The process you are describing sounds similar to a breadth-first search, which can be utilized to find the triangles which are neighbors. The output merely gives the indices, however, since it is unclear as to how the empty lists end up in the final output:

from collections import deque
d = [[[2.0, 1.0, 3.0], [3.0, 1.0, 2.0], [1.2, 2.5, -2.0]], [[3.0, 1.0, 2.0], [1.0, 2.0, 3.0], [1.2, -2.5, -2.0]], [[1.0, 2.0, 3.0], [2.0, 1.0, 3.0], [3.0, 1.0, 2.0]], [[1.0, 2.0, 3.0], [2.0, 1.0, 3.0], [2.2, 2.0, 1.0]], [[1.0, 2.0, 3.0], [2.2, 2.0, 1.0], [4.0, 1.0, 0.0]], [[2.0, 1.0, 3.0], [2.2, 2.0, 1.0], [-4.0, 1.0, 0.0]]]
def bfs(d, start):
  queue = deque([d[start]])
  seen = [start]
  results = []
  while queue:
    _vertices = queue.popleft()
    exists_at = [i for i, a in enumerate(d) if a == _vertices][0]
    current = [i for i, a in enumerate(d) if any(c in a for c in _vertices) and i != exists_at and i not in seen]
    results.extend(current)
    queue.extend([a for i, a in enumerate(d) if any(c in a for c in _vertices) and i != exists_at and i not in seen])
    seen.extend(current)
  return results

print(bfs(d, 2))

Output:

[0, 1, 3, 4, 5]        


回答4:

You can use trimesh

The functions are documented by comments in the source code.
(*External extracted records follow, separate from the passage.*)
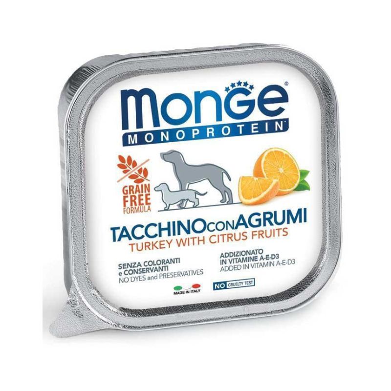 Realizzato con pregiata carne di tacchino, fonte di proteine nobili, e arricchito con frutta e agrumi, per un’integrazione naturale ottimale di vitamine e minerali essenziali. La formula, priva di cereali, è delicata sullo stomaco e facilmente digeribile, rendendola adatta anche ai cani più sensibili. La texture morbida e il sapore irresistibile fanno di questo paté un piacere per il palato del tuo amico a quattro zampe.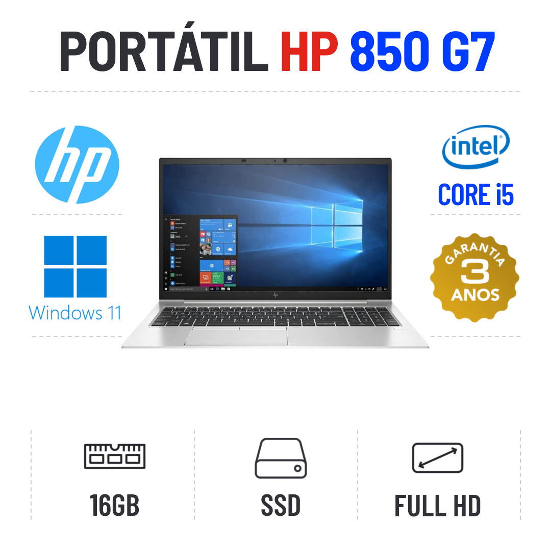 HP ELITEBOOK 850 G7 | 15.6" FULLHD | i5-10210u | 16GB RAM | 240GB SSDEstado Grau A. Sem qualquer tipo de danos. Somente com ligeiros indicios de uso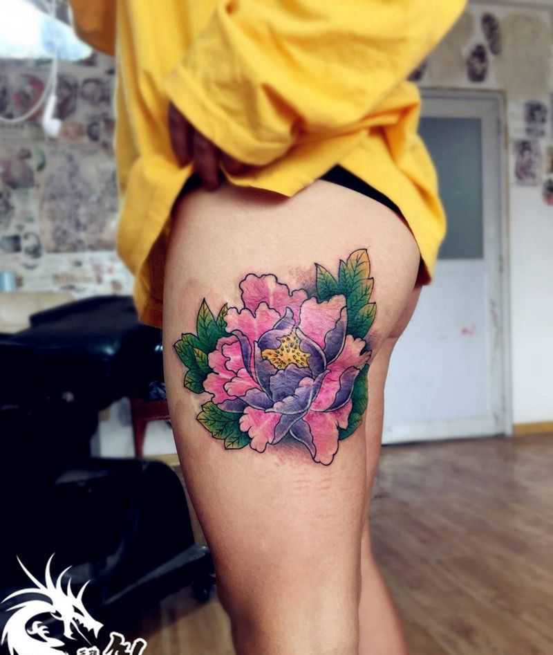• T网红王老大花腿龙纹身图片_腿部新传统纹身图案

A normal documentation would be realy nice. I also find it not that straight forward when I used it the first time, but if you have the basics it is a powerful and easy to use package.

I assume that the biggest problem is how to get to a clean mesh definitions. If you have only vertex coordinates (like in the stl-format) problems may occur, because it is not well defined at which points two floats are equal.

Example

import trimesh
import numpy as np

vertices = np.array([[[2.0, 1.0, 3.0],[3.0, 1.0, 2.0],[1.2, 2.5, -2.0]],
                     [[3.0, 1.0, 2.0],[1.0, 2.0, 3.0],[1.2, -2.5, -2.0]],
                     [[1.0, 2.0, 3.0],[2.0, 1.0, 3.0],[3.0, 1.0, 2.0]],
                     [[1.0, 2.0, 3.0],[2.0, 1.0, 3.0],[2.2, 2.0, 1.0]],
                     [[1.0, 2.0, 3.0],[2.2, 2.0, 1.0],[4.0, 1.0, 0.0]],
                     [[2.0, 1.0, 3.0],[2.2, 2.0, 1.0],[-4.0, 1.0, 0.0]]])

#generate_faces
# I assume here that your input format is N x NPoints x xyz
faces=np.arange(vertices.shape[0]*3).reshape(-1,3)
#reshape_vertices (nx3)
vertices=vertices.reshape(-1,3)

#Create mesh object
mesh=trimesh.Trimesh(vertices=vertices, faces=faces)

# Set the tolerance to define which vertices are equal (default 1e-8)
# It is easy to prove that int(5)==int(5) but is 5.000000001 equal to 5.0 or not?
# This depends on the algorithm/ programm from which you have imported the mesh....
# To find a proper value for the tolerance and to heal the mesh if necessary, will 
# likely be the most complicated part
trimesh.constants.tol.merge=tol

#merge the vertices
mesh.merge_vertices()

# At this stage you may need some sort of healing algorithm..

# eg. reconstruct the input
mesh.vertices[mesh.faces]

#get for example the faces, vertices
mesh.faces #These are indices to the vertices
mesh.vertices

# get the faces which touch each other on the edges
mesh.face_adjacency

This gives a simple 2d array which faces share a edge. I would personally use this format for further calculation. If you want to stick to your definition I would create a nx3 numpy array (each triangle should have max. 3 edge-neighbours). The missing values can be filled for example with NaNs or something meaningfull.

I can add an efficient way, if you really want to do that.